**PROVIDED MATERIAL:**
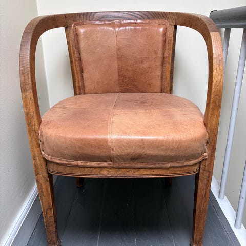Armstol/kontorstol/Herreværelse/Skrivebordsstol/Biblioteksstol med stel af massivt egetræ,betrukket med sømbeslået Cognac farvet læder.
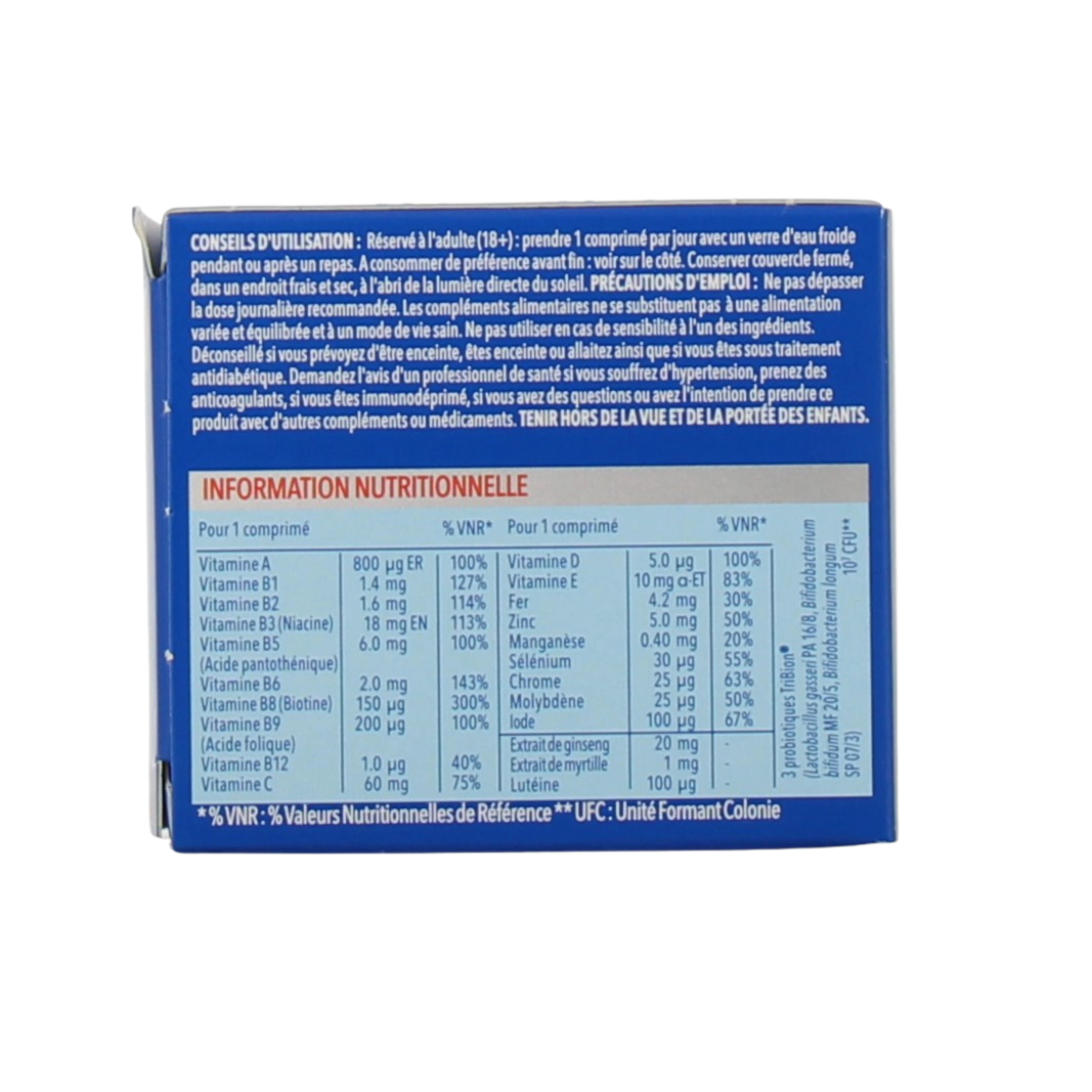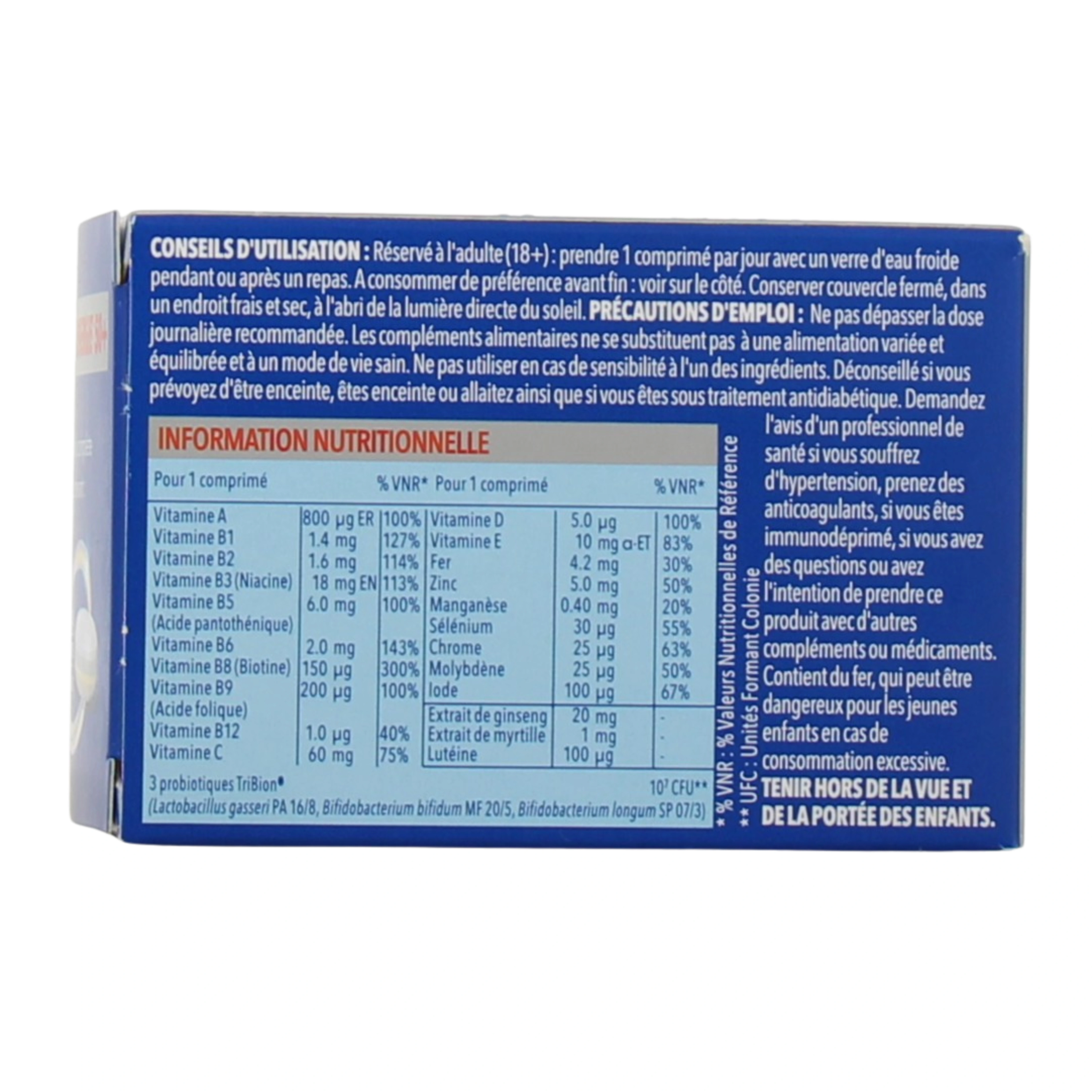 Bion3 Énergie 50+ est une formule complète à base de 12 Vitamines, 7 Minéraux, 3 souches probiotiques Bion exclusifs. Grâce à son association unique de ferments microbiotiques, de vitamines, de minéraux complétés de ginseng et de lutéine, Bion3 Énergie 50+ vous permet d’activer votre vitalité et votre énergie pour profiter pleinement de vos activités quotidiennes, notamment grâce à la vitamine D et au zinc. De plus, Bion 3 Vitalité 50+ agit sur :
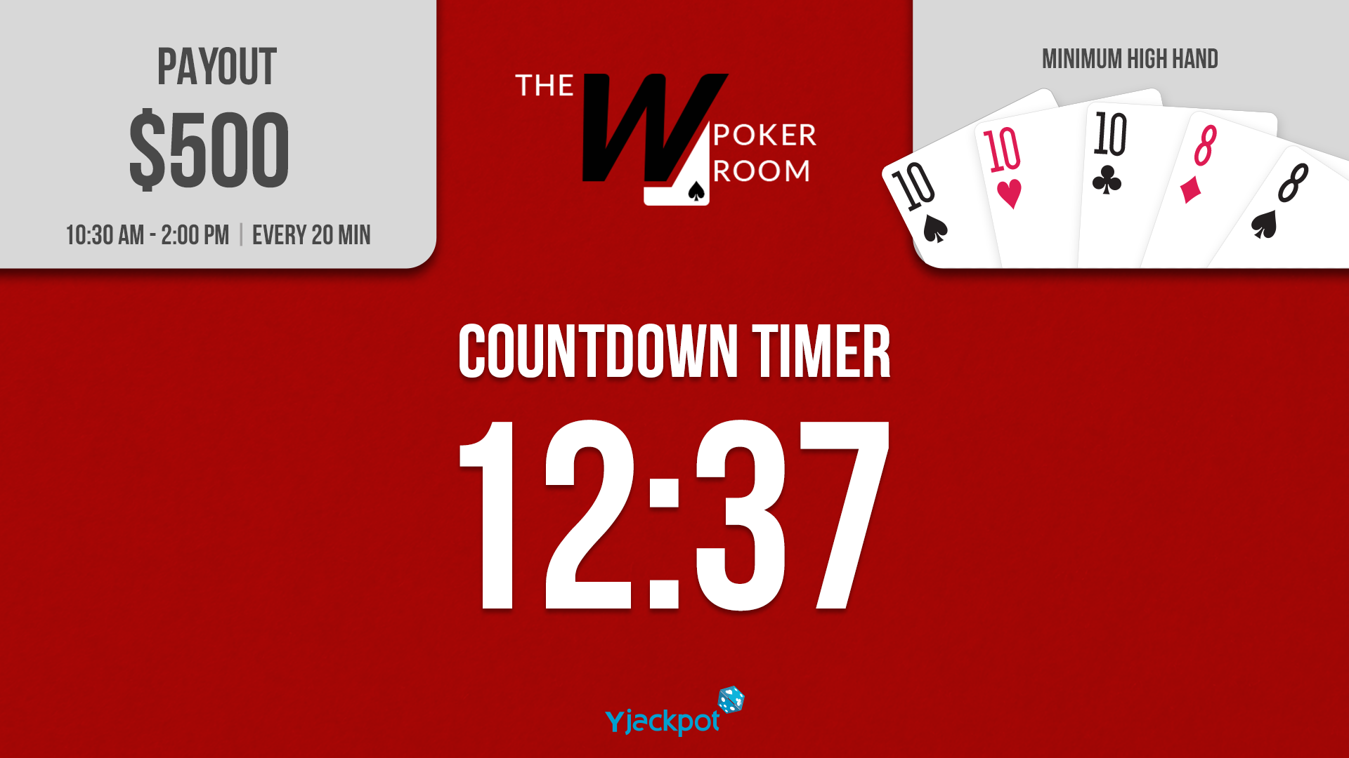 Working with players who have traveled the world playing poker tournaments, we designed a display based on their feedback. The timer is the main focus until a high hand is called and then that becomes the focal point. When a no promo is active, the display advertises the next one or the poker room itself.

**WHAT NEEDS TO BE DONE:** Reproduce the material word for word. Skip every picture it holds.

**REPLY:**
Armstol/kontorstol/Herreværelse/Skrivebordsstol/Biblioteksstol med stel af massivt egetræ,betrukket med sømbeslået Cognac farvet læder.
 Bion3 Énergie 50+ est une formule complète à base de 12 Vitamines, 7 Minéraux, 3 souches probiotiques Bion exclusifs. Grâce à son association unique de ferments microbiotiques, de vitamines, de minéraux complétés de ginseng et de lutéine, Bion3 Énergie 50+ vous permet d’activer votre vitalité et votre énergie pour profiter pleinement de vos activités quotidiennes, notamment grâce à la vitamine D et au zinc. De plus, Bion 3 Vitalité 50+ agit sur :
 Working with players who have traveled the world playing poker tournaments, we designed a display based on their feedback. The timer is the main focus until a high hand is called and then that becomes the focal point. When a no promo is active, the display advertises the next one or the poker room itself.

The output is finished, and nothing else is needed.